BRIEF DESCRIPTION OF THE SEVERAL VIEWS OF THE DRAWINGS

[0014] These and other aspects, features, and advantages of which embodiments of the invention are capable of will be apparent and elucidated from the following description of embodiments of the present invention, reference being made to the accompanying drawings, in which:

[0015] FIG. 1 is an assembled and exploded perspective view, showing the modular and adjustable parts of the present invention, linear design.

[0016] FIG. 2 is a top view of the sound chassis, linear design.

[0017] FIG. 3 is a bottom view of the sound chassis, linear design.

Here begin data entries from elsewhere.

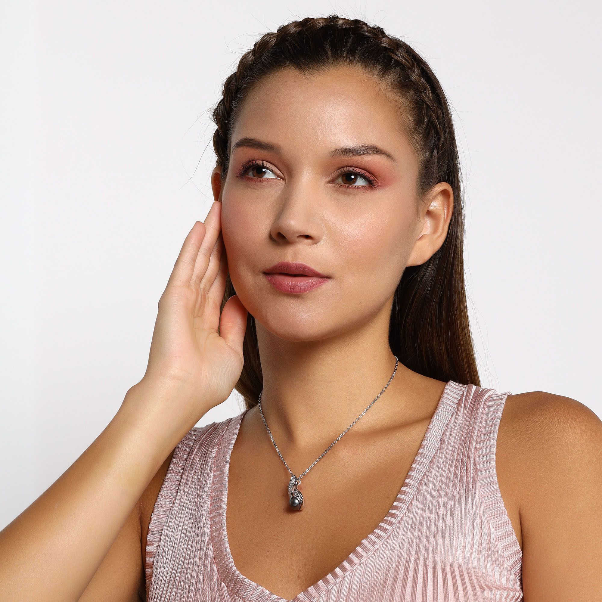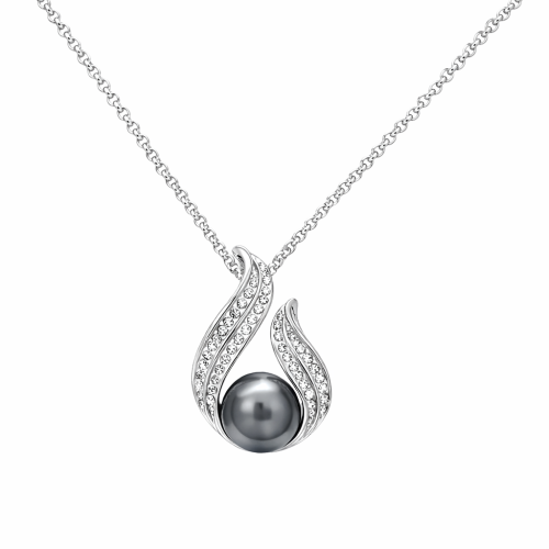 Exquisito dije en baño de oro blanco de 18 quilates, con una delicada perla color negro e incrustaciones de cristales en color blanco. Fabricado en una estructura de aleación de platino con rodio sin níquel.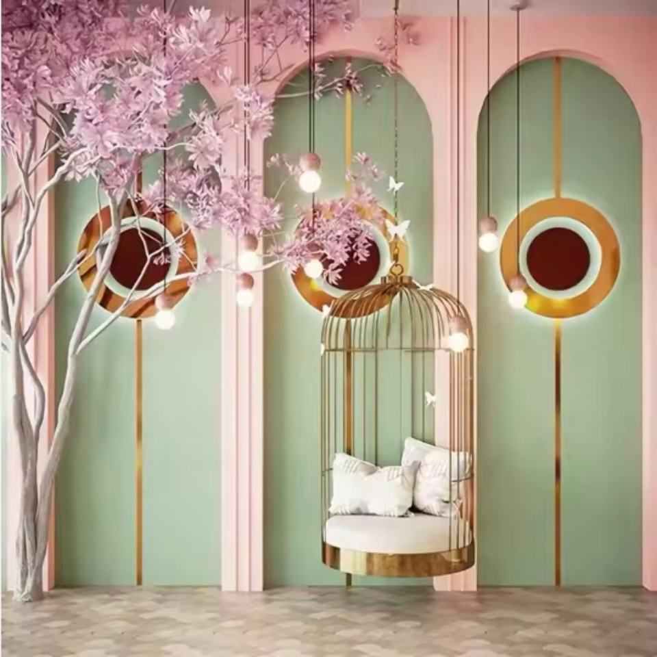 เก้าอี้สวิงดีไซน์ทันสมัย เฟอร์นิเจอร์ล็อบบี้โรงแรม เก้าอี้กรงนกเคลือบทอง เบาะนั่งแบบแขวน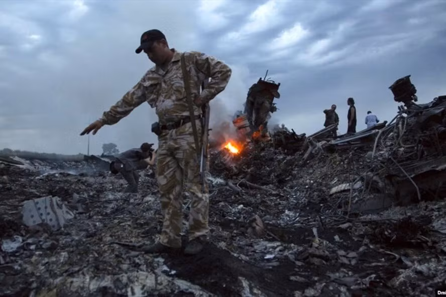 Hiện trường vụ bắn rơi MH17 ở Donetsk năm 2014. Ảnh: AP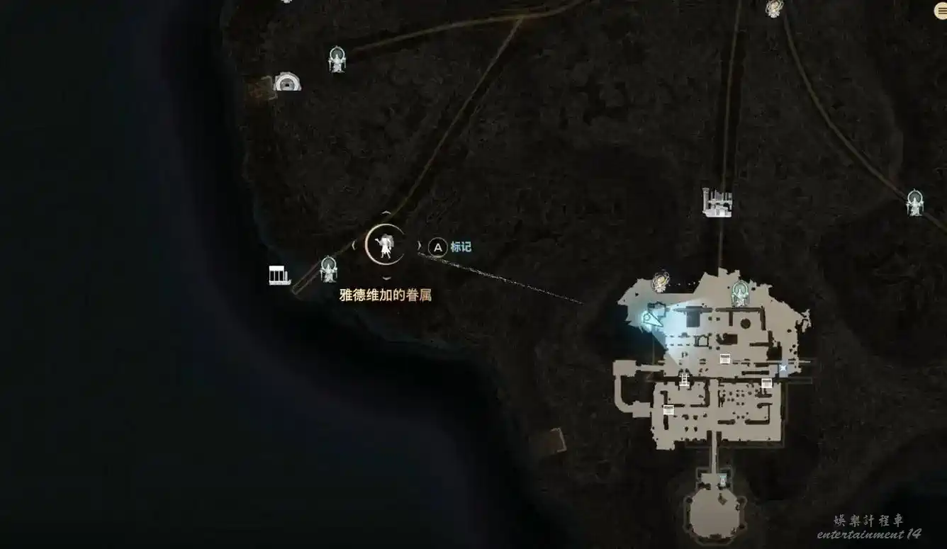 從剛剛獲取黃金果蜜的位置往西北走,來到下圖標記位置

[0018] FIG. 4 is a side view of the inline tube variations.

[0019] FIG. 5 is a side view of the bypass tube variations.

[0020] FIG. 6 is a side view of the sound tube variations.

[0021] FIG. 7 is three perspective views of the internal sound collector, linear design, including top, side and bottom views.

[0022] FIG. 8 is a perspective view of the rotary vibrato and complete assembly view, linear design.

[0023] FIG. 9 is front and side views of the diaphragm chassis and diaphragm, both linear design.

[0024] FIG. 10 is a perspective view of the wireless chassis holder, including top, side and bottom views, linear design.

[0025] FIG. 11 is a front view and x-ray view of an acoustic instrument with and without the present invention in use, linear design application.

[0026] FIG. 12 is an exploded view of wireless chassis housing, top cover and bottom, linear design.

[0027] FIG. 13 is a front view of the top wireless chassis housing and cover, linear design.

[0028] FIG. 14 is a side view of a dynamic and condenser microphone without the present invention in use.

[0029] FIG. 15 is an exploded perspective view, showing the modular and adjustable parts of the present invention, convex design.

[0030] FIG. 16 includes a top, isometric, side and exploded view of the top chassis of the present invention, convex design.

[0031] FIG. 17 includes a side, top, isometric, cross hatch side and cross hatch isometric view of a diaphragm and pass through mount, convex design.

[0032] FIG. 18 includes a side, top and isometric view of the sound chassis mount, convex design.

[0033] FIG. 19 includes side, isometric and cross hatch views of sound wave regulator variations.

[0034] FIG. 20 is a front and side cross hatch view of a solid sound wave regulator.

[0035] FIG. 21 is a perspective view of the assembled top and bottom pieces of the present invention, convex design.

[0036] FIG. 22 includes x-ray and perspective views of a dynamic microphone with the present invention in use, convex design.

[0037] FIG. 23 is a front, perspective, cross hatch and side views of the assembled present invention, ellipsoid design.

[0038] FIG. 24 includes a side and isometric exploded view of the present invention, ellipsoid design.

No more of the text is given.